I encourage all of you, let your light shine. BE that City on the hill, be a guiding light to anyone you meet, letting your light strengthen and purify you and the world. 

Thursday, February 2, 2017

        What Are we afraid of? What are you afraid of? I am afraid of heights, and growing up, I was always afraid of fireworks. Until I was about 8, I couldn't enjoy 4th of July festivities. Silly I know, but loud noises scared me. They still do, if I am not expecting them. That’s part of why I don’t like horror movies, not so much the blood or gore, but the unexpected noises and surprises.  But we are all afraid of something. 
We read psalm 46. A psalm I have prayed at countless bedsides before surgery, at the time of death and times of grief. A simple passage that directs to not fear, to trust and hope in God; to trust in his providence, his power and his grace in even the worst of times. This psalm imperils us to trust, to trust with confidence who God is. HE is our source of refuge, our strength and very present help in times of need. 
I have sat at the bedsides of so many people in the times of need, at times when they have joined the cloud of witnesses. And it is at these times that God has spoken the words written here in Psalm 46. Be still and know that I AM GOD. I believe he says that when I sit with people at the hospital and on our healthcare unit. And I know folks hear it too at the end of their lives. If you do a quick survey of scripture, ok maybe not so quick,  and you will find that: “do not fear” is found 57 times. The phrase “do not be afraid” 46 times. Fear not in one phrase or another is in scripture 365 times. That works out to one reference for every day in the year. FEAR, will always be present. But the kicker is this. God always responds, fear not for I am WITH YOU. Scripture assures us that our days are filled with the love and the hope that we have in Christ. A love and hope that has embraced all of us, and a love that will sustain us and carry us as we continue until we meet him again. God is Love. And love is as BIG as heaven. Love is as small as the crack in our hearts that no one else sees. But Love always wins. 

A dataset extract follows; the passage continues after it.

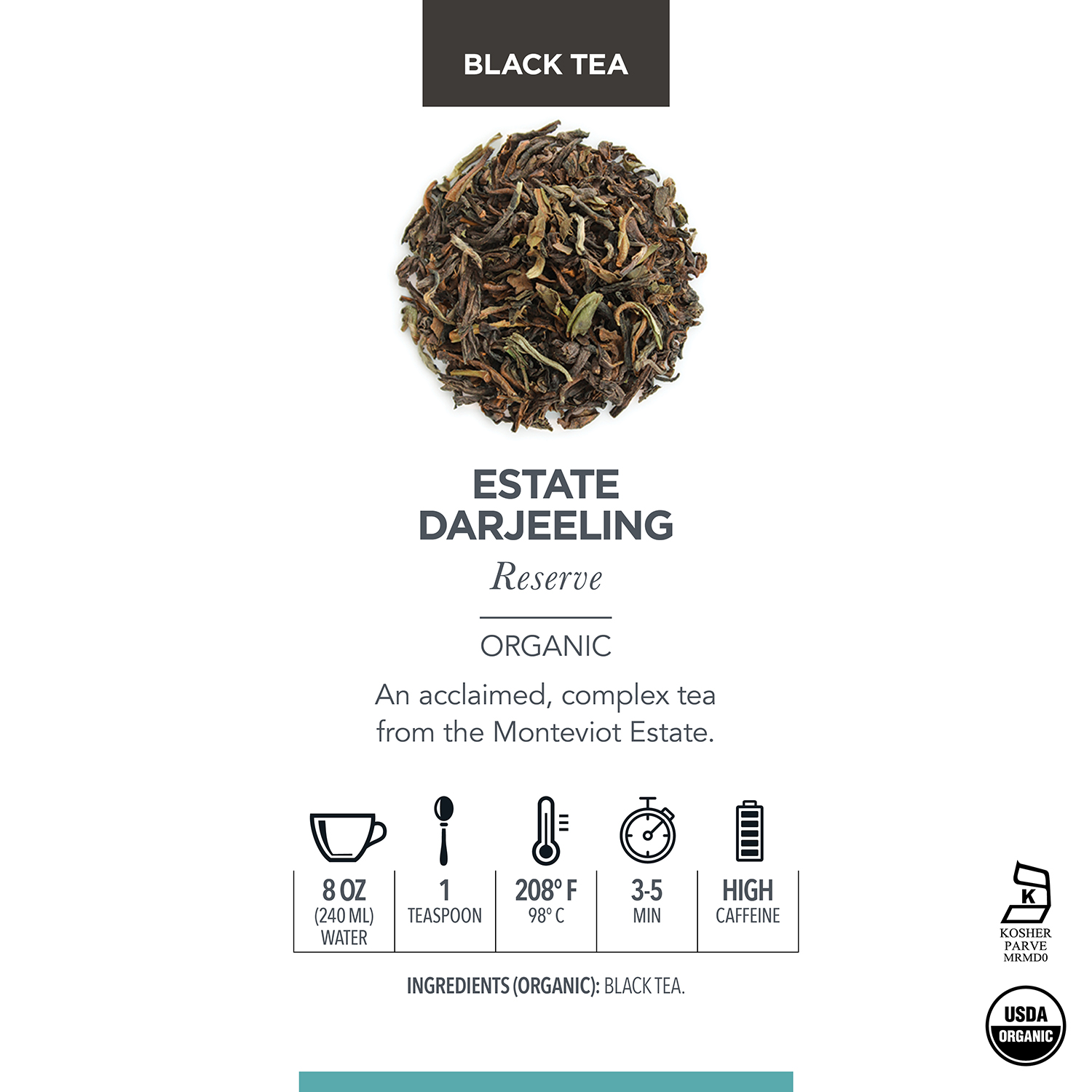 Teabloom’s Estate Darjeeling Reserve is a single-origin black tea made with only the freshest, premium quality tea leaves. USDA Certified Organic, EU Certified Organic and Certified Kosher.

          I feel like we are forgetting God's imperative to not fear, and in doing so we are forgetting the very core of what Jesus taught us. The Synoptic Gospels of Matthew, Mark and Luke all tell us that the greatest rule that comes through the scriptures is to love God with our whole being and to love our neighbors as our self. (Mt 22:37-40, Mk 12:30-31, Luke 10:27) But Luke is the only one to tell us specifically who our neighbor is, ie the hurt, the stranger, and the outcast. And why do we forget to love our neighbor. Because of fear.

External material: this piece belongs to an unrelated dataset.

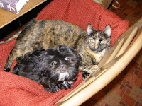 Puppy got all prettified for Valentines as well. After her bath, we were finally able to keep a ponytail in her hair, although the poor hairdryer is probably scarred for life. She barked at it to death. Isn't she adorable?! The other day she 'got some learning' laying on dd's desk while she was doing school. The only problem is she prefers to chew books and papers than learn from them. Clemie also slept for awhile with the cat in the chair. They became friends. So cute together!
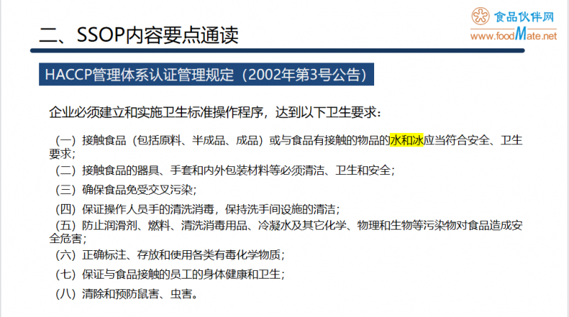 HACCP食品安全管理體系認(rèn)證要求SSOP至少要涉及到GMP規(guī)定的8個(gè)方面主要的衛(wèi)生條件,而SSOP的正確制定和有效執(zhí)行,對控制危害是非常有價(jià)值的。

          I believe in a graceful God. Where my sin has abounded, God's love has abounded more. Even in my brokenness, God in Christ has accepted me for who I am. And it is in this grace that I have responded. God's grace is so powerful that I cannot help but to respond.
         And how should I respond? In gratitude, by Loving God. And we love God by loving and honoring our neighbors; the lost, the stranger, the outcast, those thirsty and seeking refuge.